Week 4, day 1 at RC

This morning, I did a lot of planning and emailing. After lunch, I walked into Converse’s flagship store. Downstairs, I discovered the workshop, where they make custom shoes. I liked the idea.

In the library-like area of RC, I found a copy of this paper and started reading it. Let me show you its BibTeX entry (adapted from HAL’s):

@inproceedings{flajolet:hal-00406166,
  TITLE = {HyperLogLog: the analysis of a near-optimal cardinality estimation algorithm},
  AUTHOR = {Flajolet, Philippe and Fusy, Éric and Gandouet, Olivier and Meunier, Frédéric},
  URL = {https://hal.inria.fr/hal-00406166},
  BOOKTITLE = {AofA: Analysis of Algorithms},
  ADDRESS = {Juan les Pins, France},
  EDITOR = {Jacquet, Philippe},
  PUBLISHER = {Discrete Mathematics and Theoretical Computer Science},
  SERIES = {DMTCS Proceedings},
  VOLUME = {DMTCS Proceedings vol.
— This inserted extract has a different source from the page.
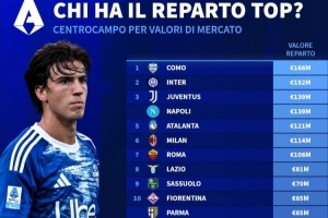 德转列意甲各队中场总身价排行:科莫1.66亿欧居首,国米第二
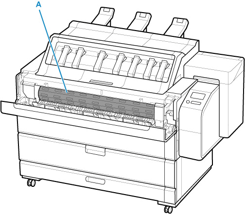 물기를 꼭 짠 천으로 운송 유닛 내부 커버의 내부(A)를 청소하십시오.

AH, 2007 Conference on Analysis of Algorithms (AofA 07)},
  PAGES = {137-156},
  YEAR = {2007},
  MONTH = Jun,
  KEYWORDS = {cardinality estimation ; Probabilistic algorithm},
  PDF = {https://hal.inria.fr/hal-00406166/file/dmAH0110.pdf},
  HAL_ID = {hal-00406166},
  HAL_VERSION = {v2},
} 

I couldn’t resist pasting it for two reasons: 0) academic nostalgia and 1) address in the South of France!

The paper caught my attention because it presents a cardinality estimator where applications range from networking (which I’ve been meaning to get better at) to data mining (which we use in data science). A cardinality estimator is an algorithm for estimating (here, probabilistically) the number of distinct elements in ((very) large) datasets. The latter usually come in the form of streams, either because the dataset is too large to fit in memory (data mining context) or because it is (malicious?) data traffic (networking context).